When I saw how large that chip was, I immediately thought of cooling such a beast.
Can any materials scientists or engineers comment on if other elements will withstand higher heat better than silicon? Seems like such a large chip would be somewhat better to run at higher temperature rather than budget for huge and elaborate cooling. (This is very much a layman's question. The people who designed the chip and its cooling are far, far smarter than me!)
GaN-on-SiC and native SiC both support far higher temperatures, with native SiC lasting thousands of hours even at 500C Tj [0] and commercial GaN-on-SiC being rated for e.g. 225C Tjmax [1].
At such large die scales and high temperatures heat engines become practical as a means of both cooling and also extracting work. I wonder if there is serious research in this area?
IIRC they become less efficient at higher temperatures, as the thermal-induced noise increases (might be as part of sub-threshold leakage; I don't remember the details).
There are considerable efficiency gains from running silicon CMOS at LN2 temperatures instead of room temperature, but the benefits fall apart once you realize you'll have to heat-pump the electrical consumption from 77K to room temperature. Main benefits would be being able to run them faster, and a good part of the optimization would need lower dopant concentrations in the transistor channels to properly take advantage of the low temperature, which unfortunately rules out common shared-wafer prototyping runs (so testing this IRL isn't really accessible).
Based on a high-school level understanding, the cooling requirements would be just be proportional to the surface area, nothing special. Maybe there's an added risk of physical fissures developing, but that's hard to know a priori.
The article gives a figure of 15 kW for the chip. That’s the kind of heat usually generated by a small room full of servers. Radiating that away on the outside is not the main issue, solutions exist for that. But getting that kind of heat away from the chip and into the water in the first place has to be a nontrivial challenge.

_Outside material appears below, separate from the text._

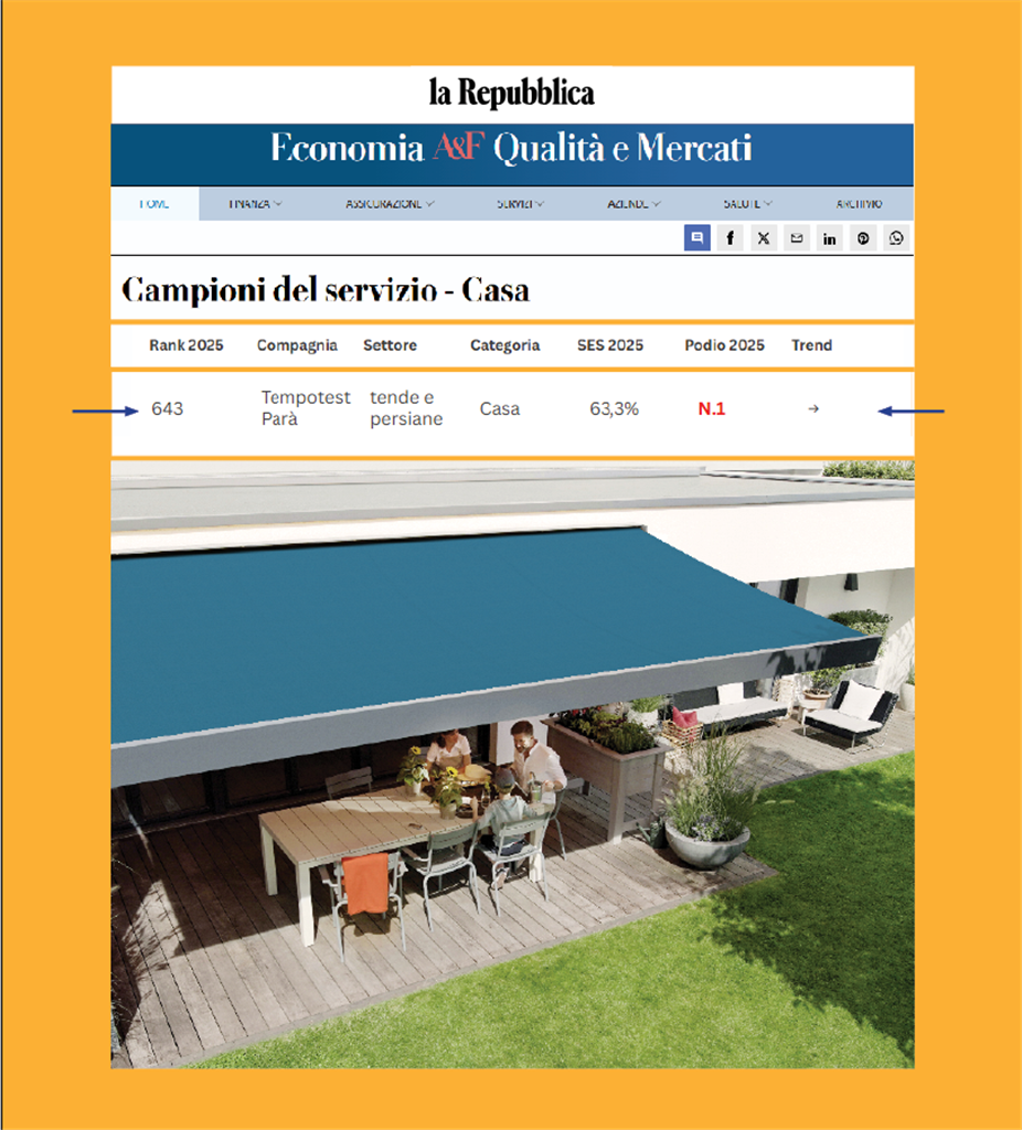 La Repubblica - Affari & Finanza, ci ha decretato “Campioni del Servizio 2026” nella categoria tende e persiane!

The chip is approximately 21 cm x 21 cm (that's 8.5 inches).
My kettle has 2 kW and doesn't take long to boil water from room temperature. I reckon you could fit four such kettles on the chip area (roughly). That means the chip would roughly boil water two times as fast as my kettle, were it used for that purpose.
While that does pose reasonably interesting engineering challenges regarding coolant throughput etc., I don't think there's anything particularly difficult there. You probably would want a better heat transfer medium between chip and water than my kettle has (well, I have not disassembled it), but I agree with GP that a bunch of water pipes will work well enough as a cooling solution.
Edit: Actually, screw it, we can calculate how much water we need to put through there. Warming water from 20 to 100 °C takes 334 kJ/kg. (That comes out to 167 seconds to heat 1l of water in a 2 kW kettle, for reference.) To remove 15 kW of heat with water cooling, assuming the water goes in at 20 and comes out at 100 °C, we need a throughput of 0.045 kg/s = 45 g/s = 45 ml/s.
Sure, the temperature range may be a bit optimistic, but 45 ml/s (one liter every 22 seconds) is literally "just hold it under a running tap". The main engineering challenge would be making sure that heat is removed evenly enough, I guess.
As the previous comment pointed out, its not the net energy that needs to be removed that is the problem.
I.e. its like a kettle that isn't just radiating the stove coil's energy away, it is actually trying to keep your stove coil cool while its turned up to 10!
The same amount of energy movement, but not the same problem at all.
Now the question is what percent of that energy is used by the chip. I understand it is a nice kettle but will be nice to see what can do in terms of computation.
The traditional computer included in the box is probably quite high end and power hungry too so that it can provide enough data to maintain those bandwidths. They don't appear to sell the chips by themselves.
I think the comparison is with an equivalent gpu cluster like the nvidia DGX systems or HPC CPU nodes. The DGX A100 is 6.5kW for example,
The Cerebras system fits 15 rack units which is more than 2x larger than the DGX (6.5U). A similar 15 node HPC server with CPU is probably not that far from 15kW either (2 socket per node, 250W per CPU is already 7.5kW, then add RAM etc.) so by HPC standards it's less "full room of servers" than "single cabinet".
If the thermal interfaces are done correctly then you can put an absurd flow rate of coolant across the fins and bring it out to a huge heat exchange system.
The trick isn't total power, it's power density on the die. In that regard, I don't think this is pushing the boundaries. It just needs custom built interfaces.
The article talks about the need for special allows that have minimal expansion. There is 15 kilowatts of energy to dissipate in a very small space and the chip really cant expand or contract differently from the cooling block This seems like a hard problem to solve.
Can any materials scientists or engineers comment on if other elements will withstand higher heat better than silicon? Seems like such a large chip would be somewhat better to run at higher temperature rather than budget for huge and elaborate cooling. (This is very much a layman's question. The people who designed the chip and its cooling are far, far smarter than me!)